Re: [hackers] [dmenu][PATCH] minor improvement to the nomatches cache

From: NRK <nrk_AT_disroot.org>
Date: Fri, 7 Jul 2023 17:00:42 +0600

Hi Hiltjo,

On Thu, Jul 06, 2023 at 07:08:57PM +0200, Hiltjo Posthuma wrote:
> What hash algorithm is this exactly, it looks interesting? I've found it at:
>
> https://github.com/skeeto/hash-prospector
>
> Is that the one?

The "xor-shift multiply" construct itself is fairly popular and can be
found on many hash algorithms (e.g murmur, fnv etc). I *think* it
originates from LGCs, but not sure about that:
https://en.wikipedia.org/wiki/Linear_congruential_generator

The specific multiplier and shift constants are indeed taken from
hash-prospector README, I've updated v2 commit message to include it.

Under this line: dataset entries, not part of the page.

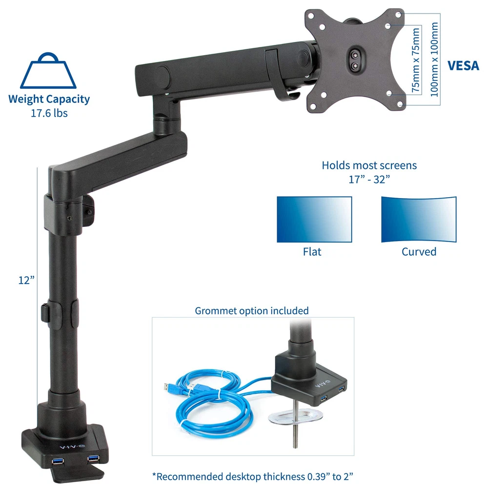 Premium Aluminum Construction - Provides excellent support for one monitor screen weighing up to 17.6 lbs, and the built-in elbow spring gauge allows perfect weight adjustment at any level. Fully Adjustable - Mechanical spring arm offers an exceptional range of flexible motion featuring -90° to +90° tilt, 180° swivel, and 180° rotation. Maximum screen height to the center of the screen is 24.4". Mounting Options - The sturdy desk clamp installs from the top side of your desk for easy setup, and an equally secure grommet mount is provided to accommodate a variety of desk layouts. Recommended desktop thickness ranges from 0.39” to 2”. Compatibility - Fits most 17” to 32” computer monitors on the market (both flat and curved screens). The quick release VESA bracket has 75x75mm and 100x100mm mounting capability. Two 3.0 USB ports are provided on the stand’s base for convenient access when you want to charge a device or sync something with your computer. We've Got You Covered - Sturdy steel design is backed with a 3 Year Manufacturer Warranty and friendly tech support to help with any questions or concerns.
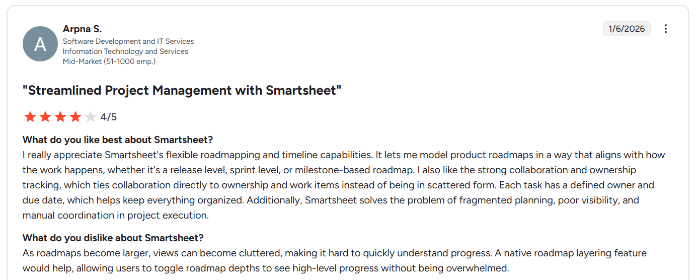 “I really appreciate Smartsheet's flexible roadmapping and timeline capabilities. It lets me model product roadmaps in a way that aligns with how the work happens, whether it's a release level, sprint level, or milestone-based roadmap. I also like the strong collaboration and ownership tracking, which ties collaboration directly to ownership and work items instead of being in scattered form. Each task has a defined owner and due date, which helps keep everything organized. Additionally, Smartsheet solves the problem of fragmented planning, poor visibility, and manual coordination in project execution.” - G2 Review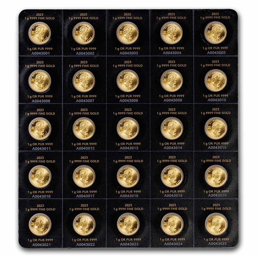 Coin Highlights: - Contains 25 total grams of .9999 fine Gold.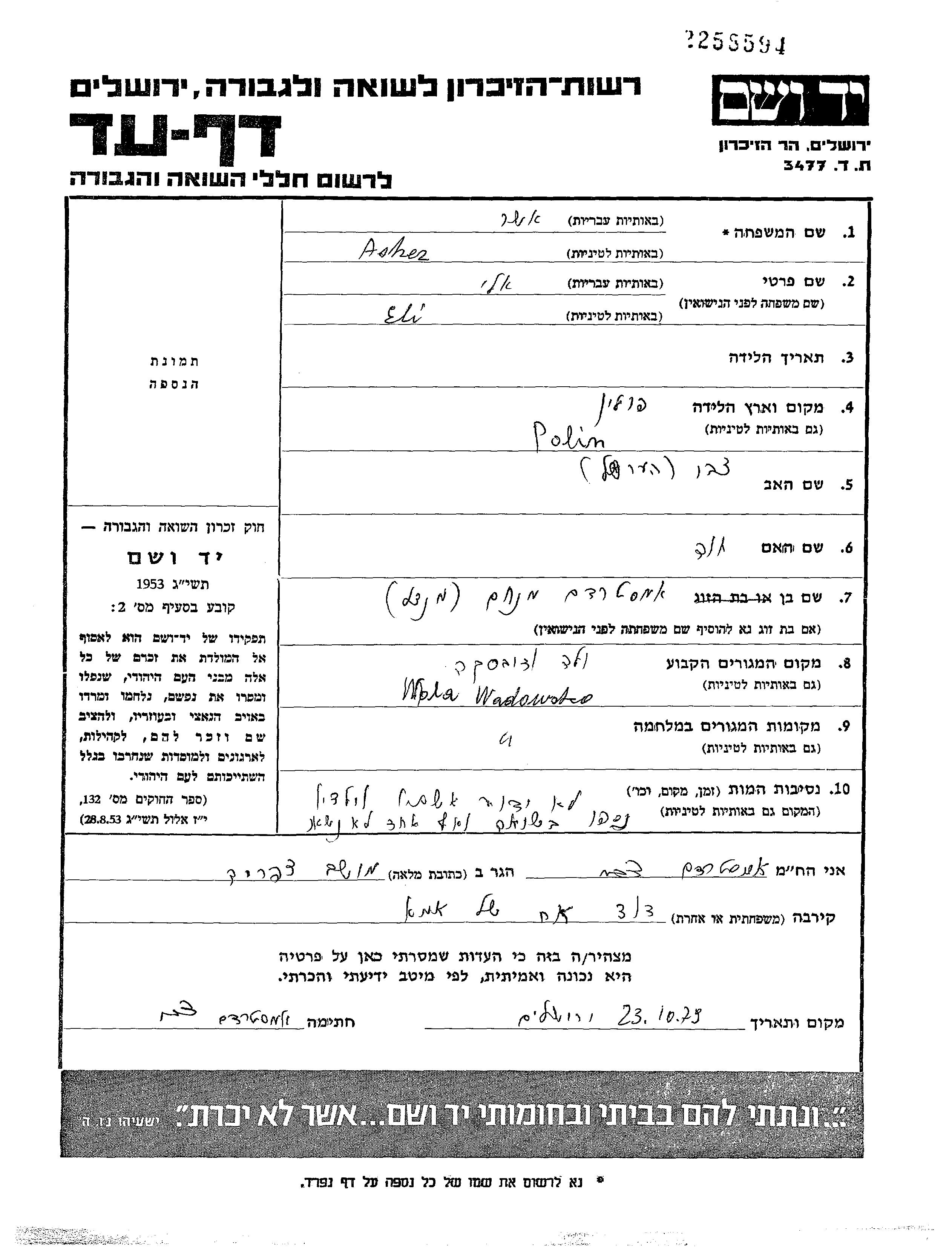 Asher Eli Wola Wadowska, Polen Gedenkblatt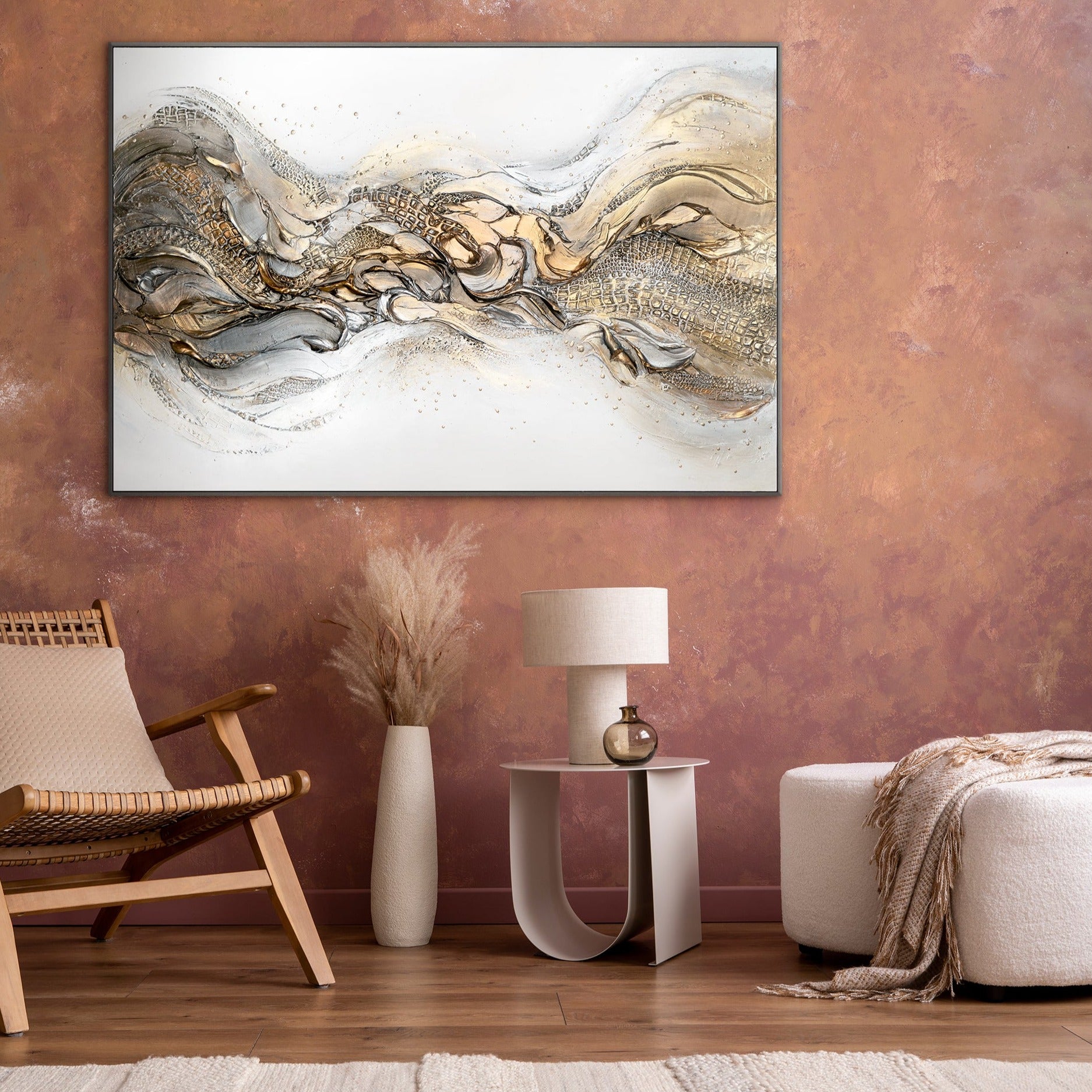• Abstraktes Acrylbild Gold Silber Handgemalt Modern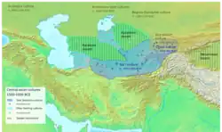 The Yaz culture (named after the type site Yaz-Tappe, Yaz Tepe, or Yaz Depe, near Baýramaly, Turkmenistan[1]) was an early Iron Age culture of Margiana, Bactria and Sogdia (c. 1500–500 BC,[2][3][4][5][6][7][8] or c. 1500–330 BC[9][10]). It emerges at the top of late Bronze Age sites (BMAC), sometimes as mud-brick platforms and sizeable houses associated with irrigation systems. Ceramics were mostly hand-made, but there was increasing use of wheel-thrown ware. Bronze and iron arrowheads, also iron sickles and carpet knives among other artifacts have been found.[11][12][13]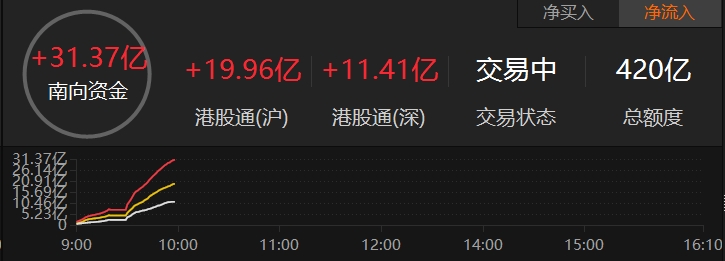南向资金净流入超30亿港元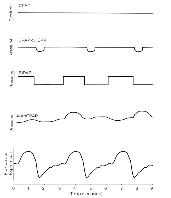 Ca și perspectivă vizuală asupra modului în care fiecare tip de aparat gestionează presiunea aerului și influențează ciclul respirator, se poate utiliza graficul următor pentru a ne ajuta să înțelegem mai bine diferențele subtile, dar cruciale, dintre aceste tehnologii.
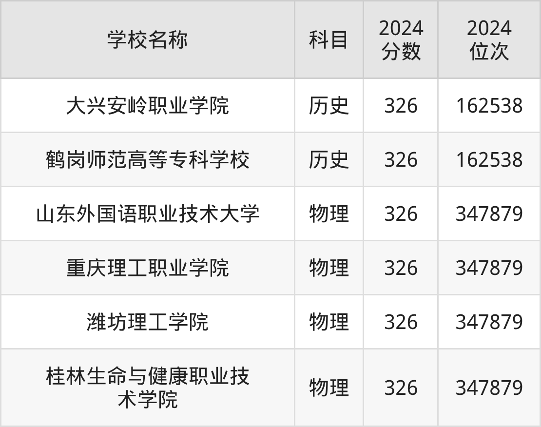 其中,物理组326分位于山东的学校有山东外国语职业技术大学。历史组326分位于黑龙江的学校有大兴安岭职业学院。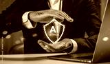 Businessman holding virtual AI ethics shield with his hands symbolizing protection of artificial intelligence responsibility and transparency concept.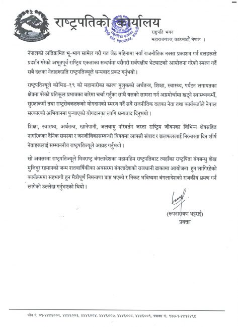 वर्तमान राजनीतिक गतिरोधबारे बोल्दै राष्ट्रपति भण्डारीले दलहरुलाई मिलेर जान सुझावसमेत दिएकी छन्। उनले सबै दलहरु मिलेर देश विकासमा लाग्नुपर्ने सुझाव दिएकी थिइन्। बंगलादेश भ्रमणबारे बोल्दै राष्ट्रपति भण्डारीले आफ्नो राजकीय भ्रमणका अवसरमा कोरोनाका असर, जलवायु परिवर्तनको विषयमा केन्द्रित हुने बताएकी थिइन्।
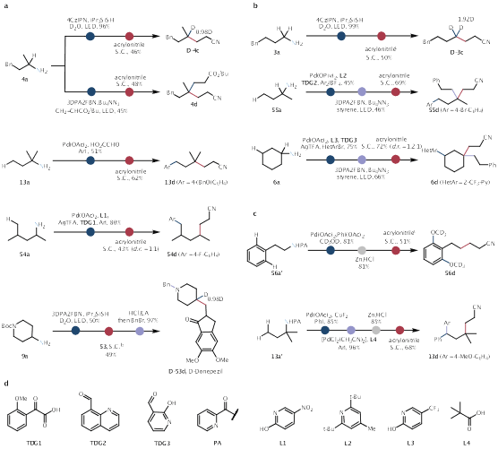 Fig. 3 | Multiple functionalization using N-atom as a traceless directing group. a, Difunctionalization strategies shown include 1,1-dialkylation, 1,1-deturoalkylation, 1,3-alkylarylation, 1,4-alkylarylation, and the synthesis of D-Donepezil. b, Trifunctionalization reactions include 1,1,1-dideturoalkylation and 1,1,3-dialkylarylation. c, 1,4,4-Alkyldialkoxylation and 1,3,3-alkyldiarylation of protected amines. d, Structures of transient directing groups (TDGs), picolinamide (PA) and ligands (L).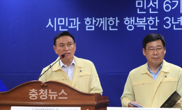 구본영 천안시장은 27일 브리핑을 통해 이번 집중호우로 인명피해는 없으며, 재산피해는 공공시설 5개 분야 163개소 196억원, 사유시설 6개 분야 1,938건 20억원으로 총 216억원이라고 밝혔다.
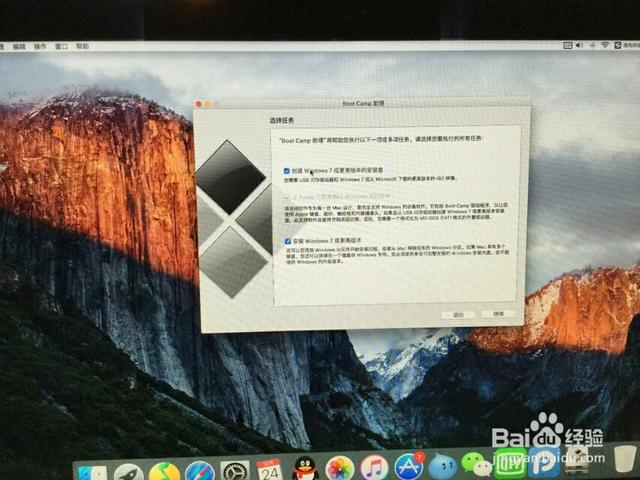 3打开bootcamp助理后,点击继续,进入界面,有三个选项,第一个是 制作win7或更高版本的安装盘(市面上的新款macbook都是win8或更高),第二个选项是 从apple下载Windows支持软件(也就是我们说的驱动,必须安装),第三个 安装win7或更高版本。把三个选项都打上对勾。插上U盘,点击继续。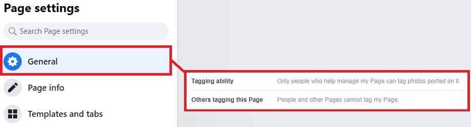 As for photos- and videos-tagging on Facebook Page, you can manage tagging ability of your page here: Go to Manage Page section at the left column, go to Settings > (Page settings) look for ‘Tagging ability’ and ‘Others tagging this Page’.

> What's the measured performance improvement and wouldn't it increase collisions
> vs a simple linear search?

In case the cache gets filled up, the false-negative rate of either a
linear search or the hash-table will be unpredictable since both of them
use a "dumb" eviction policy.

The old method overwrites whatever came in first and the new one
overwrites whatever was in `h1`. Something like an LRU *might* help in
those cases, but I think it's not worth the trouble.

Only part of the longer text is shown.